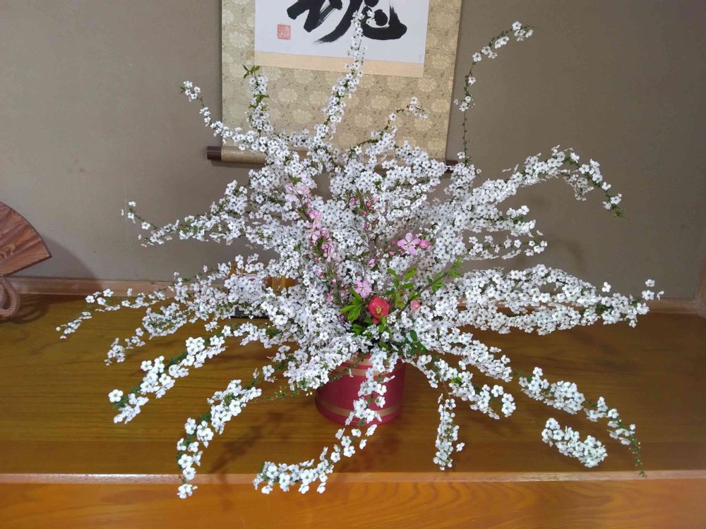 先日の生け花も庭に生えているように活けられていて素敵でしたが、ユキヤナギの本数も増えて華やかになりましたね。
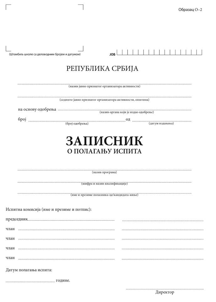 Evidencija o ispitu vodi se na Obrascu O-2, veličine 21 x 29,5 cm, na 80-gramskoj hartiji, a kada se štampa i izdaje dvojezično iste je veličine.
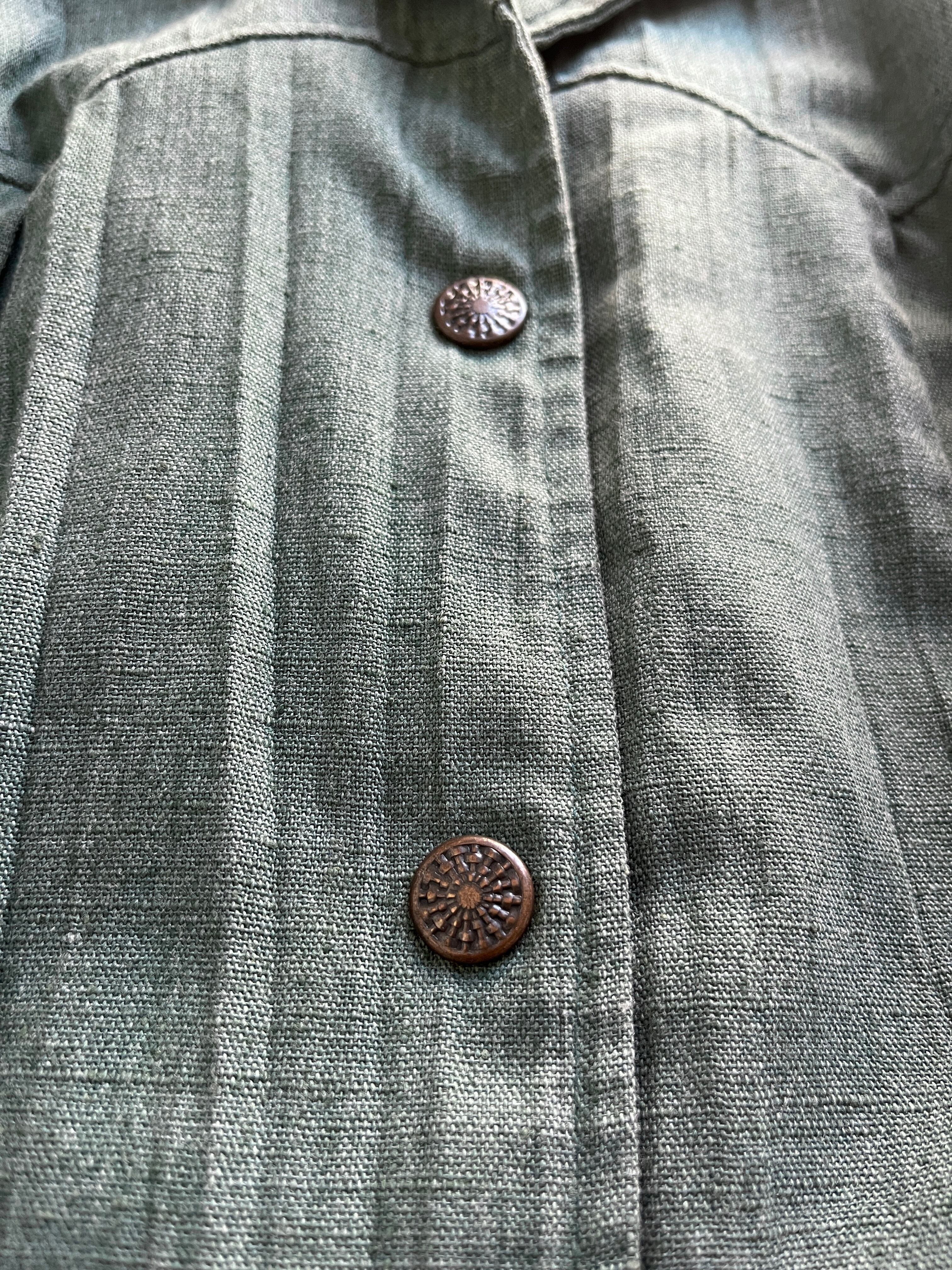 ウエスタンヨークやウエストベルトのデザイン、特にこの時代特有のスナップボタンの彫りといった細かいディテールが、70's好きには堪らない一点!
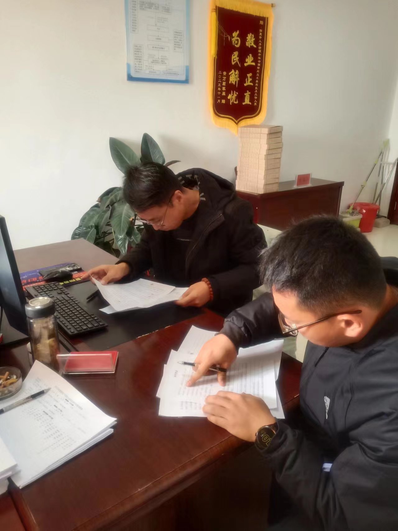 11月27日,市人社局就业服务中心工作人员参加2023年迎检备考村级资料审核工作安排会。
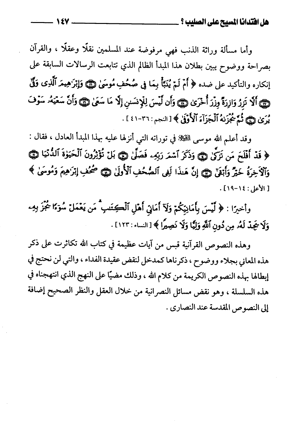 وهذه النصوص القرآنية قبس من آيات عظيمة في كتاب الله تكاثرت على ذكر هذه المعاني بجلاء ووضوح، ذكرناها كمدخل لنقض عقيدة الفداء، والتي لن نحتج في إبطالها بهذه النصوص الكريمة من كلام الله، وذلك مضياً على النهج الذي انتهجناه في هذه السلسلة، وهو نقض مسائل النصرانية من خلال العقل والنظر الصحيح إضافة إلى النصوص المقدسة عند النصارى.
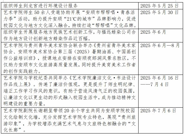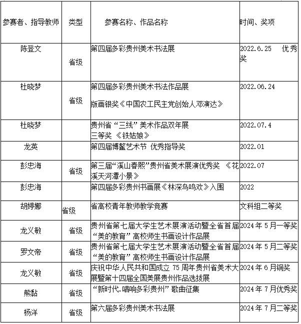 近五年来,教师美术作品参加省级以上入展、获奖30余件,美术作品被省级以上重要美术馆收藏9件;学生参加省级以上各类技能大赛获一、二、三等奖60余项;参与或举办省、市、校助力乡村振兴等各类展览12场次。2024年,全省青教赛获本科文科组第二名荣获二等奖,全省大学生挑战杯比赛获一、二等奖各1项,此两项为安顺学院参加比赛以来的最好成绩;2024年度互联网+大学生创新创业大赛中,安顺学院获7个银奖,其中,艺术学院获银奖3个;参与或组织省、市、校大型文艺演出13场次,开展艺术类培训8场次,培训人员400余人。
§ §
_TASK BRIEF_. All that is needed is an exact copy of the lines from the line with "وهذه النصوص القرآنية" through the end of the listing, both ends included, with no pictures.

_ANSWER TO THIS TASK_.
 وهذه النصوص القرآنية قبس من آيات عظيمة في كتاب الله تكاثرت على ذكر هذه المعاني بجلاء ووضوح، ذكرناها كمدخل لنقض عقيدة الفداء، والتي لن نحتج في إبطالها بهذه النصوص الكريمة من كلام الله، وذلك مضياً على النهج الذي انتهجناه في هذه السلسلة، وهو نقض مسائل النصرانية من خلال العقل والنظر الصحيح إضافة إلى النصوص المقدسة عند النصارى.
 近五年来,教师美术作品参加省级以上入展、获奖30余件,美术作品被省级以上重要美术馆收藏9件;学生参加省级以上各类技能大赛获一、二、三等奖60余项;参与或举办省、市、校助力乡村振兴等各类展览12场次。2024年,全省青教赛获本科文科组第二名荣获二等奖,全省大学生挑战杯比赛获一、二等奖各1项,此两项为安顺学院参加比赛以来的最好成绩;2024年度互联网+大学生创新创业大赛中,安顺学院获7个银奖,其中,艺术学院获银奖3个;参与或组织省、市、校大型文艺演出13场次,开展艺术类培训8场次,培训人员400余人。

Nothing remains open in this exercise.